The effort cost him. A blade of solidified shadow, conjured from the nothingness, materialized and slashed across his back. He felt the searing heat of the cut, the warm spill of blood down his spine. He grunted, stumbling forward.

They were too disciplined, too coordinated. They used the featureless void to their advantage, attacking from angles that were impossible in a normal world.

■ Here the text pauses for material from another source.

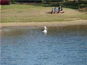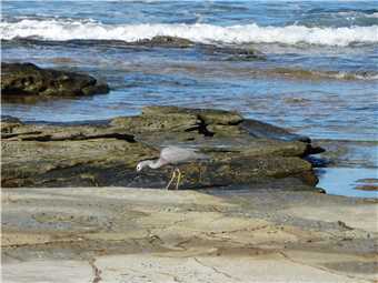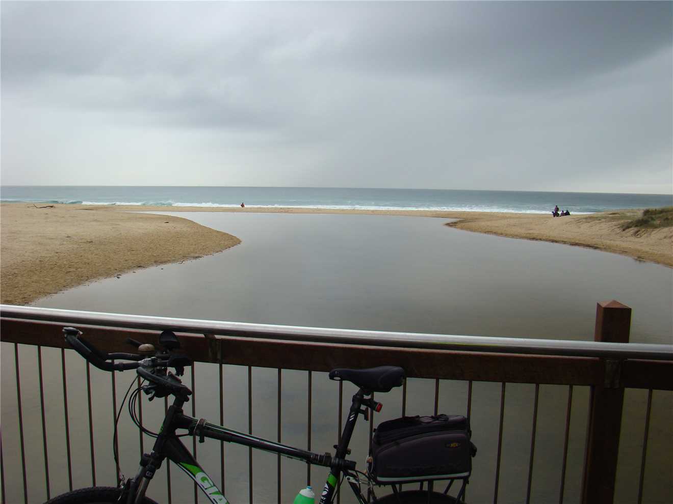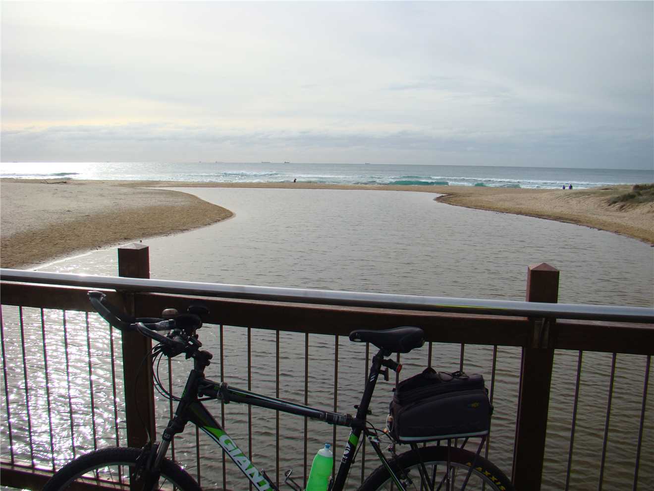 As we arrived back at camp, the clouds had parted and the sun came out, SO I decided to go for a ride. We had lunch first, then I changed into 'cycleman' and left camp at 1:06pm and headed North towards Mooloolaba. It was warm (around 22°), so I didn't wear my jacket, but put it in my pack rack. There was a beautiful tailwind pushing me to the Lighthouse. When I got there, I admired the scenery and took some photos, then rolled down the Hill to the 'Spit', where I took some photos of the surf and the surfers. I had 16kms of headwind back to camp, SO I rode along the shared paths wherever possible, because it is in amongst the trees and breaks the headwind. As I approached Currimundi Lake, George was there to welcome me. He has been there on the 1st and 5th rides but as I tried to photograph him, he flew away. As I was riding past Coco's Beach cafe at the beach end of Currimundi Lake, I stopped for a coffee, I was the only customer there, apart from Ian (the Ibis). I arrived back at camp at 3:23pm after 33.0kms.

He slammed the cover of the Yog Codex shut. The sound was a thunderclap in the silent void. He then pressed his palm flat against the cover, his fingers splayed. Blue light, the color of ancient constellations, erupted from his palm, etching a complex sigil onto the book's surface.

"Enough of this," he rasped, his voice raw. "Let's introduce some new friends."

He tore his hand away. The sigil remained, burning on the cover. Three distinct screams echoed through the realm, shaking it to its foundations. Hairline cracks spiderwebbed across the void. From the sigil, three beasts erupted.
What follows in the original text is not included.